#### SOURCE MATERIAL
* * * * * * *

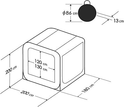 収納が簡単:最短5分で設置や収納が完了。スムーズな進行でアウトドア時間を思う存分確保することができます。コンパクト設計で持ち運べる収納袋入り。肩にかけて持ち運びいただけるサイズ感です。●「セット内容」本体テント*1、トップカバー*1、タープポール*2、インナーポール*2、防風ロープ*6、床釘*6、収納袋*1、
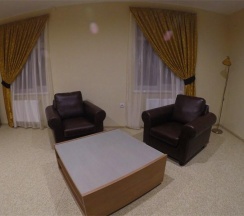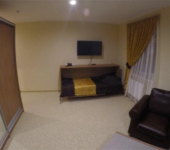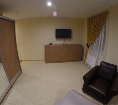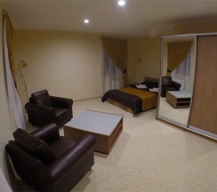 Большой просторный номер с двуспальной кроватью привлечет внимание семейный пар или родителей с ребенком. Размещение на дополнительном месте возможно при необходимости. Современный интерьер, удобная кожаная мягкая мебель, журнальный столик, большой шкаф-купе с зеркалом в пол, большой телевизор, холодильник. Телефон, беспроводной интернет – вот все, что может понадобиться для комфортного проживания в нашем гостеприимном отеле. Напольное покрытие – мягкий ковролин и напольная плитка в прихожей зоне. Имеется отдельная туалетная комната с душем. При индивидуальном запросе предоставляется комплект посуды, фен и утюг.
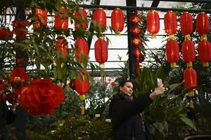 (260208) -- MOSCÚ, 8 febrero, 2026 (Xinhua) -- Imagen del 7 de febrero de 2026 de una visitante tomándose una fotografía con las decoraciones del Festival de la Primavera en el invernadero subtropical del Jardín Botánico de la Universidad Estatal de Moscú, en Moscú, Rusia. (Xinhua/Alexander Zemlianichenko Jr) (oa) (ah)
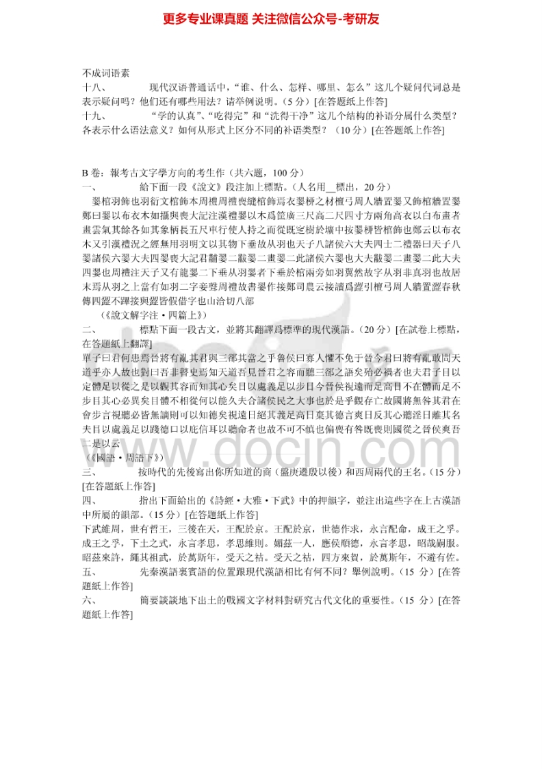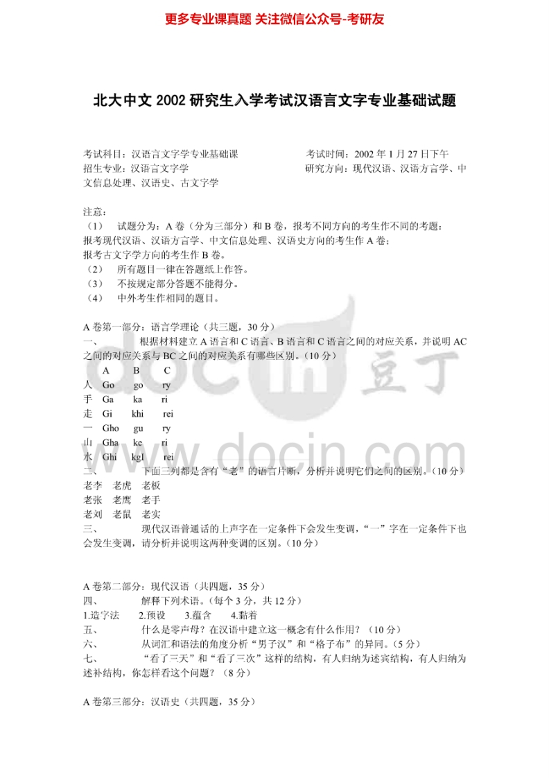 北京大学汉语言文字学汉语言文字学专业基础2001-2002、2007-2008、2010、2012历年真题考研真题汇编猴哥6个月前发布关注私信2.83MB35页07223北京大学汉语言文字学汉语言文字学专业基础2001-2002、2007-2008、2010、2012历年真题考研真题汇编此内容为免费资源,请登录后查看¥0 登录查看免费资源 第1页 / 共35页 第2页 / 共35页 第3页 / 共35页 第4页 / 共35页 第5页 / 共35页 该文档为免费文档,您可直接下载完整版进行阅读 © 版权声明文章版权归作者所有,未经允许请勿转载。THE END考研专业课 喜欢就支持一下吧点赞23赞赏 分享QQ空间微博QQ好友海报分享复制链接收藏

* * * * * * *

#### DESCRIPTION OF THE TASK
Print only the lines from the first line of the data above through the one containing "(260208) -- MOSCÚ, 8", exactly as they are, with pictures omitted.

#### SOLVED EXERCISE
 収納が簡単:最短5分で設置や収納が完了。スムーズな進行でアウトドア時間を思う存分確保することができます。コンパクト設計で持ち運べる収納袋入り。肩にかけて持ち運びいただけるサイズ感です。●「セット内容」本体テント*1、トップカバー*1、タープポール*2、インナーポール*2、防風ロープ*6、床釘*6、収納袋*1、
 Большой просторный номер с двуспальной кроватью привлечет внимание семейный пар или родителей с ребенком. Размещение на дополнительном месте возможно при необходимости. Современный интерьер, удобная кожаная мягкая мебель, журнальный столик, большой шкаф-купе с зеркалом в пол, большой телевизор, холодильник. Телефон, беспроводной интернет – вот все, что может понадобиться для комфортного проживания в нашем гостеприимном отеле. Напольное покрытие – мягкий ковролин и напольная плитка в прихожей зоне. Имеется отдельная туалетная комната с душем. При индивидуальном запросе предоставляется комплект посуды, фен и утюг.
 (260208) -- MOSCÚ, 8 febrero, 2026 (Xinhua) -- Imagen del 7 de febrero de 2026 de una visitante tomándose una fotografía con las decoraciones del Festival de la Primavera en el invernadero subtropical del Jardín Botánico de la Universidad Estatal de Moscú, en Moscú, Rusia. (Xinhua/Alexander Zemlianichenko Jr) (oa) (ah)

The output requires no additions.